Pawan Kumar, someone told me, is the Anurag Kashyap of Kannada films. Almost-engineer. Dropped out to do theatre and thereafter, cottoned to the movies. His Lucia is the first Kannada crowd-funded film. It is about an insomniac usher who is introduced to a pill that catapults him into this entire alternate experience. His more recent U-Turn is about the death of several motorists who took a "wrong" U-turn under one particular flyover.

Pawan is referred to rather reverentially in southern film circles for his innovative promotional techniques. Well, he sent me his replies in WhatsApp audio clips!
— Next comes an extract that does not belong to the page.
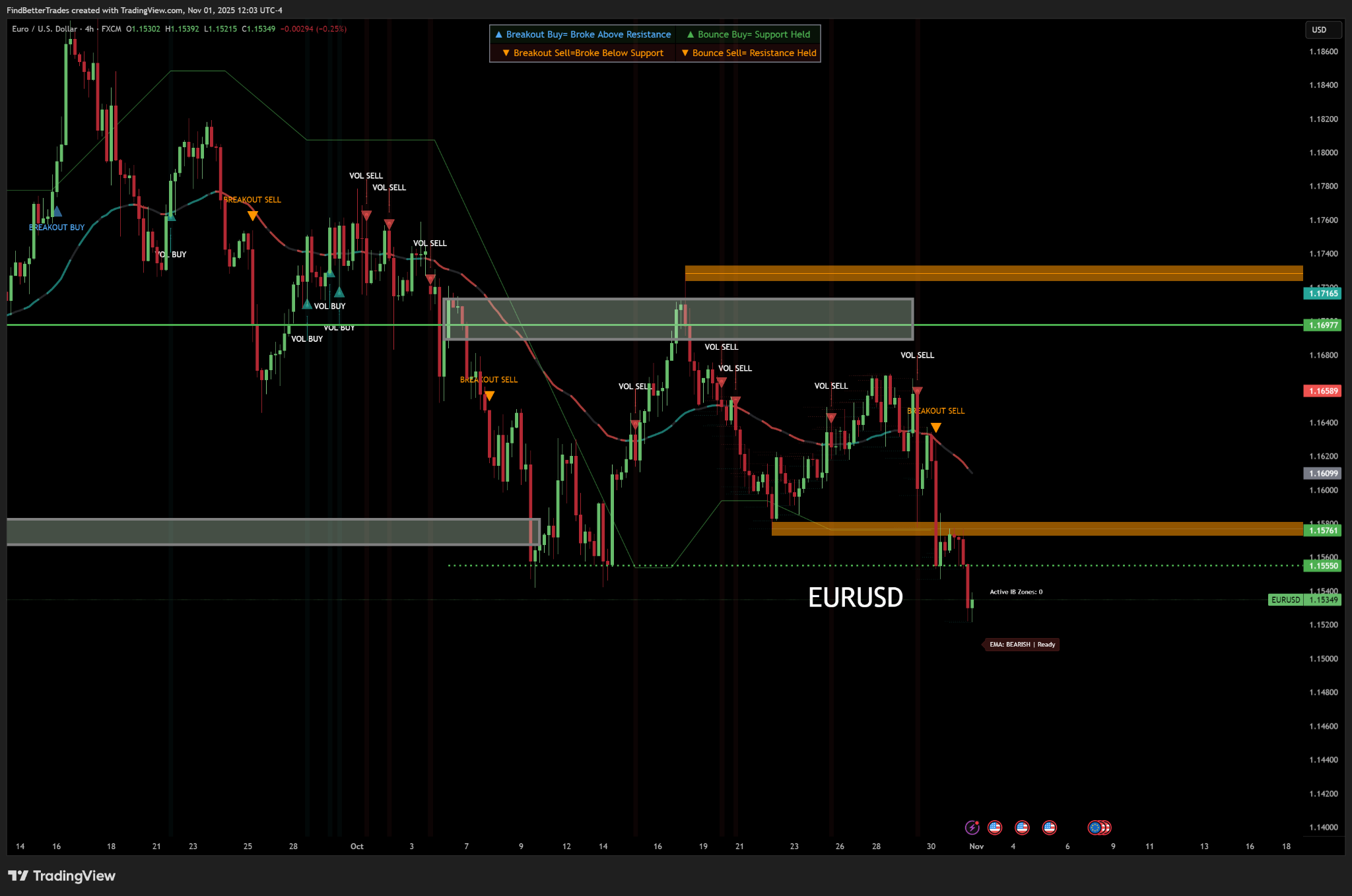 The Euro continues trading to the downside after breaking below the 1.15550 mark the bulls tried to hold. Expectations that price will continue trading below 1.1500 in coming days are highly likely as euro weakness accelerates.

Pawan rattles off names of those doing good work in Kannada cinema — Rakshit Shetty, Hemant Rao, Eregowda, Arvind Sastry. He flags Karthik Subbaraj and Nalan Kumaraswamy in Tamil films. And though he says Malayalam has way too many names worth the mention, he does name Lijo Jose Pellissery, whose Angamaly Diaries is a great big Malayalam hit of 2017. It is about a young man who tries to establish his monopoly over the pork business in his village.

Says Pawan, “Right now in South India you can identify very young directors who have broken away from traditional ways of filmmaking, marketing and ideas, and do their stuff. Technology has simplified things. Given power to each one of us to do what we want.”

Elan belongs to the “very young” club. Another engineer, aeronautical. He has done five short films in four years. His first feature film, Graghanam — a thriller spanning a single night, the duration of a lunar eclipse — was released in 2016. “We would shoot after midnight and wrap up before 5am. We completed shooting in 37 days.” Another young Turk, Prithvi Adithya (engineer, civil) has just finished writing the script of his maiden directorial venture. Rendaavathu Aattam or Second Show, a reference to the night show screenings in theatres in the pre pre multiplex age, is a crime thriller. What’s with this engineering conundrum — I finally ask them. They reply in specifics, but I think I have my answer. It is not so much about the degree, but the kind of mind and training associated with it.

Prithvi tells me how reviewers down South, “hard taskmasters”, push directors to push the envelope. Sri Ganesh, director of 8 Thottakkal agrees about the power of reviews — especially those on social media.

It seems one of the well-known theatres in Chennai had planned to run his film for four days. After all, newcomers et al.

But post these reviews, it ran it for five weeks. Sri draws attention to something I had lost sight of in keeping count of the engineers — the commercial success of these movies. “It is important because producers come forward to invest only based on financial returns.”

In a nutshell, for there must be one in such a peregrinatory story, there is a lot going on in “South Indian cinema”. New people. New success. Above all, new themes. Indian cinema, most often than not, is equated rather simplistically with Bollywood. Perhaps KJo has a point, perhaps the time has come to join creative ranks and redefine a more heterogenous Indian cine-narrative. Celebrate a Bahubali — the One With Multitudinous Might.

The last scene of Rajamouli’s movie is reminiscent of Satyajit Ray’s Hirak Rajar Deshe, which came post-Emergency. Here too, the megalomaniac Bhallala’s giant golden statue is pulled down. The crown, a jagged, ugly, golden thing is seen rolling — down, down, down, down the road, down the cliffs, till it is borne away by the mountain stream. 

Still obsessing about those crores? You can always tell a fever way before it sets aflame the body.